BINGE-R #17: Riverdale + Sneaky Pete
RIVERDALE S1
Streaming Service: Netflix
Availability: 10 episodes now streaming, new one added each Saturday morning
Riverdale might resemble a teen soap, right down to the bitchy retorts and slightly too old cast, but really it’s a ghost story that’s haunting Gossip Girl, Twin Peaks, Mean Girls and many more previous incarnations of adolescent manoeuvring. There’s an air of spectral wispiness to exterior shots where the titular small town is wreathed in early morning fog, while smoke meant to diffuse the interior lighting lingers in hallways and locker rooms. The dialogue may be ripe, but it’s only the criminal jolts of the plot that give Netflix’s new series an actual pulse.

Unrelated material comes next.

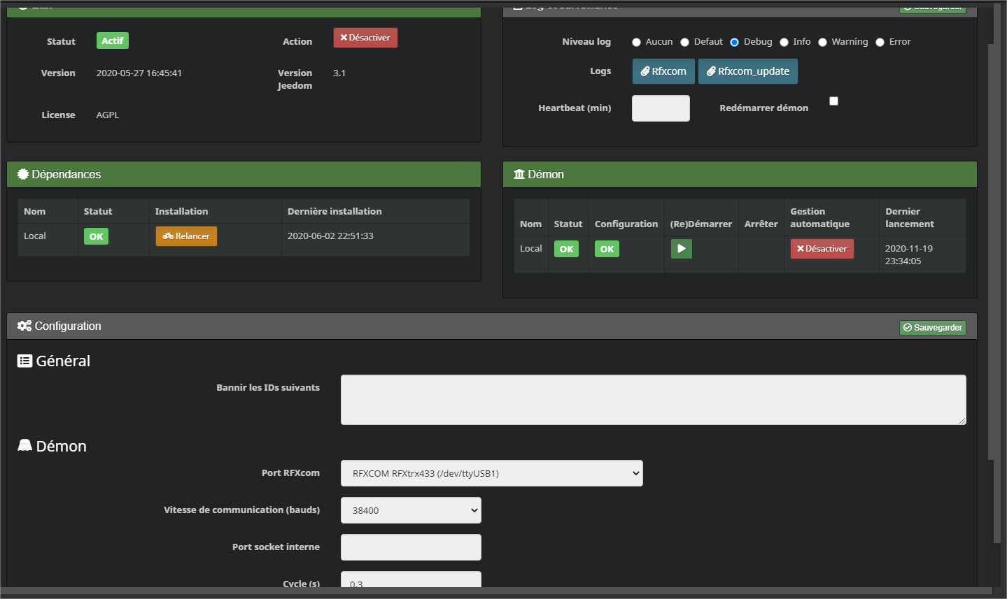 Tous les plugins sont à jour (plugin RFXCOM du 27-05-2020)

The screenwriters really fan the dialogue: in the first 10 minutes of the opening episode there’s talk of organising a book party for Nobel Prize winner Toni Morrison, a reference to Woody Allen’s Blue Jasmine, and a comparative metaphor based on Truman Capote novels, all from perpetually perfect high school student Betty (Lili Reinhart) and her possible new best friend, big city blow-in Veronica (Camila Mendes). Thankfully gay sidekick Kevin (Casey Cott) is there to supply the crucial news: “Archie got abs!”

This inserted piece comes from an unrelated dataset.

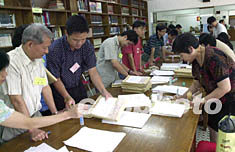 原定于六月進行的中國普通高等學校二零零三年招收華僑、港澳、臺灣省學生考試,因受“非典”影響改于本月十五日至十七日進行,圖為澳門考區的監考老師們在考試結束后當場封卷。中新社記者:李剛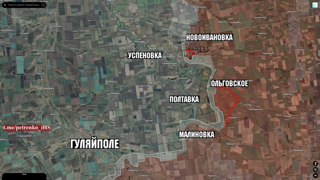- На південь від Новоіванівки противник просунувся вздовж лісосмуги та в районі фортифікаційних споруд на ділянці площею до 1.3 км² і продовжує штурмувати у напрямку Новомиколаївки та Нововасилевського, за якими розташована Успенівка, з якою російські війська планують у майбутньому посилити тиск на Гуляйполе

The old and new iterations of these comic book characters readily intermingle. The love triangle between Archie (K.J. Apa), Betty and Veronica remains, but it’s complicated by the affair 16-year-old Archie had with music teacher Miss Grundy (Sarah Habel). The two were enjoying an early morning tryst the day a popular student went missing, setting up the mystery that underpins the story and leaving the victim’s twin sister, Cheryl (Madelaine Petsch), as a loopy loose cannon who turns cheerleader tryouts into the Nuremberg trials.
Riverdale is meant to be a tart, knowing pleasure, complete with Archie’s former friend, aspiring novelist and successful outsider Jughead (Cole Sprouse), as the narrator documenting the corruption just beneath the spotless surface. But with graduates of Twin Peaks (Madchen Amick as Betty’s manipulative mother) and 90210 (the furrowed brow of Luke Perry as Archie’s father) in the supporting cast the winking nods become overwhelming even as the tone proves as flexible as certain character’s affections. It just lacks the pulp and daring to be a lasting diversion.

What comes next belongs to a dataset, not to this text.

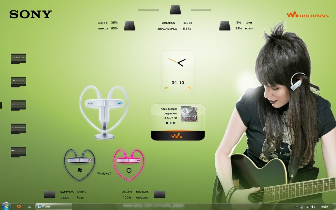 Sony Walkman Windows7 Rainmeter Theme is an excellent Rainmeter Skins developed for Windows 7. Sony Walkman Windows7 Rainmeter Theme Rainmeter Skins is a stylish, Technology Rainmeter Skins. Windows7themer.com provides you the best Windows 7 Rainmeter Skins which is available for free download. Sony Walkman Windows7 Rainmeter Theme is one of the most downloaded Rainmeter Skins for Windows 7.

>> Bonus Binge: If you want to go straight to the source Stan has both seasons of David Lynch’s ground-breaking Twin Peaks. Catch up now before the first new episodes in 25 years debut May 22.
SNEAKY PETE S1
Streaming Service: Amazon Prime Video
Availability: All 10 episodes now streaming
Giovanni Ribisi has a character actor’s face from the 1940s: he could play a stool pigeon or a gunsel any day of the week. Most features cast him for one quality and work it relentlessly, whether it was his venal diligence in Avatar or the whack job whispers of Ted. Sneaky Pete, a crime drama from Amazon [my rundown on the new streaming service], appears to set up a similar outcome: Ribisi plays Marius Josipovic, a cold-hearted con man who needing to hide out who upon his release from jail poses as his cellmate, Pete Murphy, and returns to the unknowing victim’s estranged rural family.
Having met his new grandparents and cousins, Marius is always one slip-up away from being discovered, which both tests his talent for reading people and creates suspense. Once he realises the family’s “bond business” is posting bail and not trading financial products, he finds himself working as a skip tracer with his cousin Julia (Marin Ireland) and trying not to reminisce too much with Taylor (Sam McRae), another cousin and also a cop. It helps immeasurably that his tough nut grandmother is played by Margo Martindale (The Americans), an actor whose menace nonetheless has maternal warmth.
Even as he has to deal with an unhappy former colleague, Vince (Bryan Cranston, the show’s co-creator, in a supporting role), Marius is drawn into Pete’s life. The show is very good at holding back information, including why Marius was incarcerated, so that motivations repeatedly get recast. It’s a promising series with a hint of the black humour that showrunner Graham Yost invested in Justified: the real Pete was in jail for the failed armed robbery of a gun range. It also suggests, through family dynamics and secret calculations, that everyone is engaged in subterfuge of one kind or another. A grifting associate relocated to the suburbs tells Marius, “This is a con I plan on running for the rest of my life.”